Monday, April 03, 2006

Kent English (3.26.06)




Parades
by Jesse Ball
(from The Paris Review no. 174)

And when you are finally caught and questioned,
it is discovered, sadly, that you know
nothing of use. Your captors exchange glances, nod.
You are released in the freedom of some afternoon,

some autumn of the year, your coat, hat, returned
as if to continue your life. Now it is you

in the world again. In yellowing rooms, life
becomes no more than the places where it occurs.
At the pier in darkness, parades will cross the water,
visible but once. Or I could say

I saw the wind coming hard along the river
touching all it passed.

How are things consequent? When they catch you
again, what will you say?
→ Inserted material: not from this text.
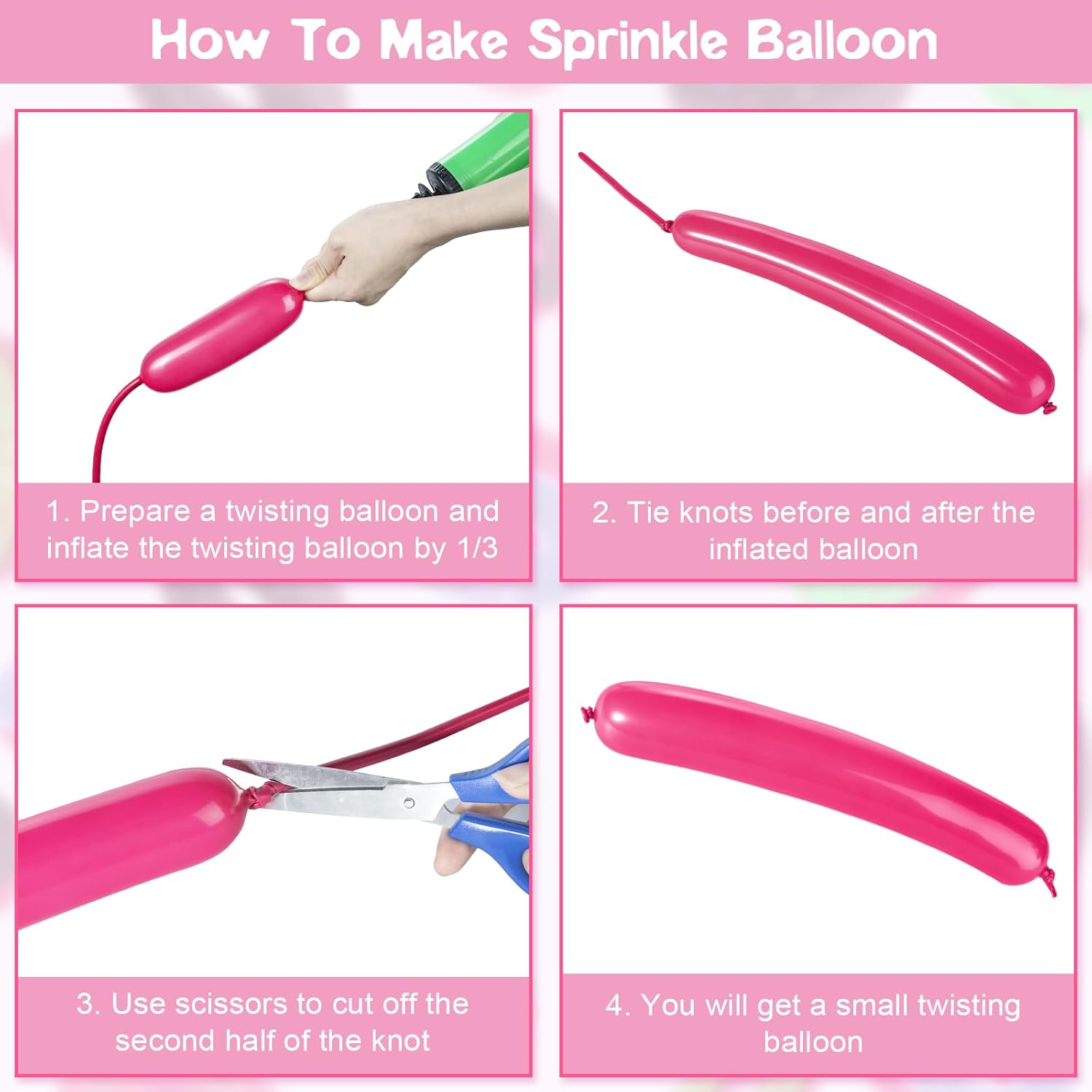 - Donut Birthday Party Decorations:3pcs donut foil balloons,1pcs ice cream foil balloons, 5pcs 12" pastel confetti balloons, 15pcs 12" Pearlescent balloons(5light pink, 5aqua blue, 5light purple), 60pcs 10" pastel balloons(15pink, 15purple, 15aqua blue, 15yellow), 5pcs 10" metallic gold balloons, 40pcs 5" rainbow balloons(10pink, 10purple, 10aqua blue, 10yellow), 6pcs twisting balloons(2purple, 2aqua blue, 2rose red) and 4pcs tools
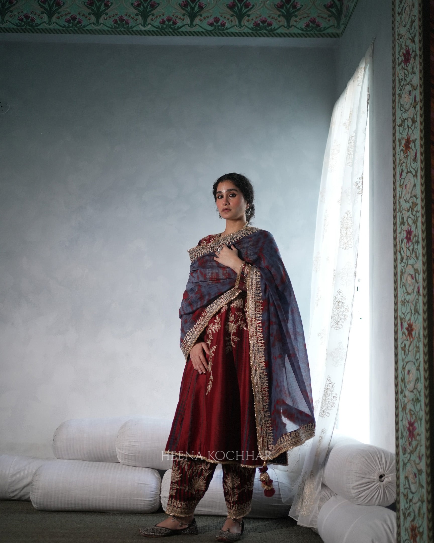 Kurta - Maroon And Blue Tie - Dye Chanderi Kurta

That all things
may be weighed, may be raised and weighed
by two human hands?


Ovid in Tears
by Jack Gilbert
(from The Paris Review no. 175)

Love is like a garden in the heart, he said.
They asked him what he meant by garden.
He explained about gardens. "In the cities,"
he said, "there are places walled off where color
and decorum are magnified into a civilization.
Like a beautiful woman," he said. How like
a woman, they asked. He remembered their wives
and said garden was just a figure of speech,
then called for drinks all around. Two rounds
later he was crying. Talking about how Charlemagne
couldn't read but still made a world. About Hagia
Sophia and putting a round dome on a square
base after nine hundred years of failure.
The hand holding him slipped and he fell.
"White stone in the white sunlight," he said
as they picked him up. "Not the great fires
built on the edge of the world." His voice grew
fainter as they carried him away. "Both the melody
and the symphony. The imperfect dancing
in the beautiful dance. The dance most of all."